## TASK INSTRUCTIONS
The pictures get left out, but everything else in the listing below must be duplicated exactly.

## DATA SECTION
-.-.-

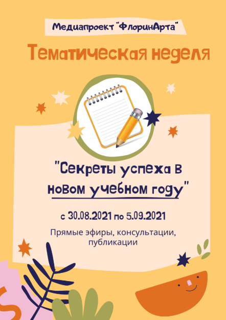 Дорогие участники и гости нашего медиапроекта «ФлоринАрта»!Мы подводим итоги тематической недели «Секреты успеха в новом учебном году», которая проходила в рамках медиапроекта
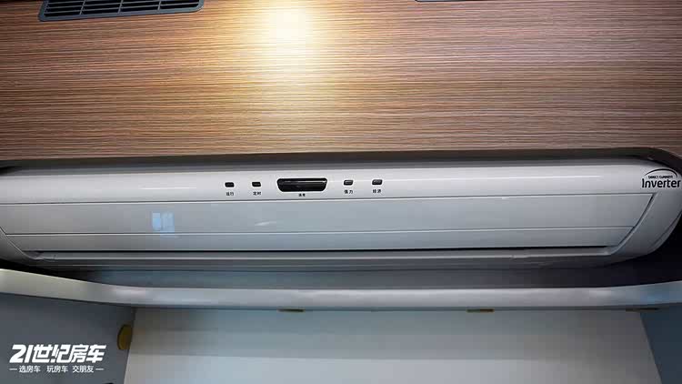 厨房区旁还配备了 7 公斤洗衣机,解决旅居途中的洗衣难题,上方则是 1.5 匹家用变频空调,随时为车内营造舒适的温度环境。
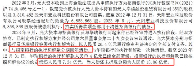 根据光大证券的通知,光大资本与招商银行达成和解,调解的总对价是 22.4 1亿元,分四年偿还,其中 2023 2000年,光大资本已向招商银行偿还。 7.34 亿元,还有 15.06 1亿元未偿还。另外,招商银行在 2023 2008年,光大资本也通过法院拍卖持有。 685.88 天阳宏业股票万股。

-.-.-

## RESULT
 Дорогие участники и гости нашего медиапроекта «ФлоринАрта»!Мы подводим итоги тематической недели «Секреты успеха в новом учебном году», которая проходила в рамках медиапроекта
 厨房区旁还配备了 7 公斤洗衣机,解决旅居途中的洗衣难题,上方则是 1.5 匹家用变频空调,随时为车内营造舒适的温度环境。
 根据光大证券的通知,光大资本与招商银行达成和解,调解的总对价是 22.4 1亿元,分四年偿还,其中 2023 2000年,光大资本已向招商银行偿还。 7.34 亿元,还有 15.06 1亿元未偿还。另外,招商银行在 2023 2008年,光大资本也通过法院拍卖持有。 685.88 天阳宏业股票万股。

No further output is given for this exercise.